**WHAT YOU HAVE TO DO:**
Please reproduce the data below exactly, from the first line through the line containing "踏上了笔陡的石阶,抬头向上看", and leave every later line out.

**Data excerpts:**
>>>

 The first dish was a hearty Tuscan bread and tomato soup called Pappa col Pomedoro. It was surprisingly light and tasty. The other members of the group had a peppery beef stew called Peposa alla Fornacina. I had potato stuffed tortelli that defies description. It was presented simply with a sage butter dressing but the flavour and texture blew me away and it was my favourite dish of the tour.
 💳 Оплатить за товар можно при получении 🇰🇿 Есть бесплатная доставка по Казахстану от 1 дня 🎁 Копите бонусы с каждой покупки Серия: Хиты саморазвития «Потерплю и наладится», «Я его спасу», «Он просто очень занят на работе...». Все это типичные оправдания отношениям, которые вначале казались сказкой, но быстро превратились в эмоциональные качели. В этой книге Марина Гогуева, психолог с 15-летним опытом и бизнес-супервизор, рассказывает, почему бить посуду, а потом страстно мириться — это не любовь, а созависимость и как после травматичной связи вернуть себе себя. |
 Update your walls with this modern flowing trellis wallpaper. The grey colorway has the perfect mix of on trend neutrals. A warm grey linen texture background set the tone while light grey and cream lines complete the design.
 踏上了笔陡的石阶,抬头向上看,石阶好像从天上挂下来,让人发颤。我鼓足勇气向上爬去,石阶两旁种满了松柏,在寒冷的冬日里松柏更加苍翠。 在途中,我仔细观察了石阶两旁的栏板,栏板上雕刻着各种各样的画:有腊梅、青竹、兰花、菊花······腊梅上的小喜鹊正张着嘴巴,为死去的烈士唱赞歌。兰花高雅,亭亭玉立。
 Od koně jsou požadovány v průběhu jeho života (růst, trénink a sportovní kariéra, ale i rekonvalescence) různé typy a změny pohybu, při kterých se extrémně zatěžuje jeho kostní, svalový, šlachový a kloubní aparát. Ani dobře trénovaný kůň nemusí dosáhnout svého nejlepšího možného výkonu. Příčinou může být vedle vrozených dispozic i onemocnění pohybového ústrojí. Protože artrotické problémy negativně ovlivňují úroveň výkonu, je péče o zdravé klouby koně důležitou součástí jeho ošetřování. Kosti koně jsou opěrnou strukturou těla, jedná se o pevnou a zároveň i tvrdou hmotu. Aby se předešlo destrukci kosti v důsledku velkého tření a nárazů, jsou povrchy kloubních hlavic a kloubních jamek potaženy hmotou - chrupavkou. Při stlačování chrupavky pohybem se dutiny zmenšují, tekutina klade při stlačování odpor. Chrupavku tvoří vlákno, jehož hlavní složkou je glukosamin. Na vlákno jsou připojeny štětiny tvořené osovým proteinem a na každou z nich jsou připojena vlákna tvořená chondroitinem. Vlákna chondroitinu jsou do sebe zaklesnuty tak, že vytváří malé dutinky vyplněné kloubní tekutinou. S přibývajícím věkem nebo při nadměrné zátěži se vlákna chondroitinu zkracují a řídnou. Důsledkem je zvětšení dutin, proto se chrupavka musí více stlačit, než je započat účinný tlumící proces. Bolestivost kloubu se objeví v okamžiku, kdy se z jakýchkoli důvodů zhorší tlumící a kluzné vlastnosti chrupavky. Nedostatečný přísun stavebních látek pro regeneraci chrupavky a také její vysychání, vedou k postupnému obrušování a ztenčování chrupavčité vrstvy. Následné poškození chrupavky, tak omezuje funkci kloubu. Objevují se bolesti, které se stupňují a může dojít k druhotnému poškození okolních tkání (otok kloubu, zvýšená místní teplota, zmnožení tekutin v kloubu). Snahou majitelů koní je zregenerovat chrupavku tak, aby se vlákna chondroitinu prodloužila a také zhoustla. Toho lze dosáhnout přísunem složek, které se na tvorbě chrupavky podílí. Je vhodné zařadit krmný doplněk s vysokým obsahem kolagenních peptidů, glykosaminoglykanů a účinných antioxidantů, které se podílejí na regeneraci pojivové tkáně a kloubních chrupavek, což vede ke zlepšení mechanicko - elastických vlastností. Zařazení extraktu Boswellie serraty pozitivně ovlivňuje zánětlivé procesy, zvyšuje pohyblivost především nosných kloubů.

<<<

**EXERCISE RESULT:**
 The first dish was a hearty Tuscan bread and tomato soup called Pappa col Pomedoro. It was surprisingly light and tasty. The other members of the group had a peppery beef stew called Peposa alla Fornacina. I had potato stuffed tortelli that defies description. It was presented simply with a sage butter dressing but the flavour and texture blew me away and it was my favourite dish of the tour.
 💳 Оплатить за товар можно при получении 🇰🇿 Есть бесплатная доставка по Казахстану от 1 дня 🎁 Копите бонусы с каждой покупки Серия: Хиты саморазвития «Потерплю и наладится», «Я его спасу», «Он просто очень занят на работе...». Все это типичные оправдания отношениям, которые вначале казались сказкой, но быстро превратились в эмоциональные качели. В этой книге Марина Гогуева, психолог с 15-летним опытом и бизнес-супервизор, рассказывает, почему бить посуду, а потом страстно мириться — это не любовь, а созависимость и как после травматичной связи вернуть себе себя. |
 Update your walls with this modern flowing trellis wallpaper. The grey colorway has the perfect mix of on trend neutrals. A warm grey linen texture background set the tone while light grey and cream lines complete the design.
 踏上了笔陡的石阶,抬头向上看,石阶好像从天上挂下来,让人发颤。我鼓足勇气向上爬去,石阶两旁种满了松柏,在寒冷的冬日里松柏更加苍翠。 在途中,我仔细观察了石阶两旁的栏板,栏板上雕刻着各种各样的画:有腊梅、青竹、兰花、菊花······腊梅上的小喜鹊正张着嘴巴,为死去的烈士唱赞歌。兰花高雅,亭亭玉立。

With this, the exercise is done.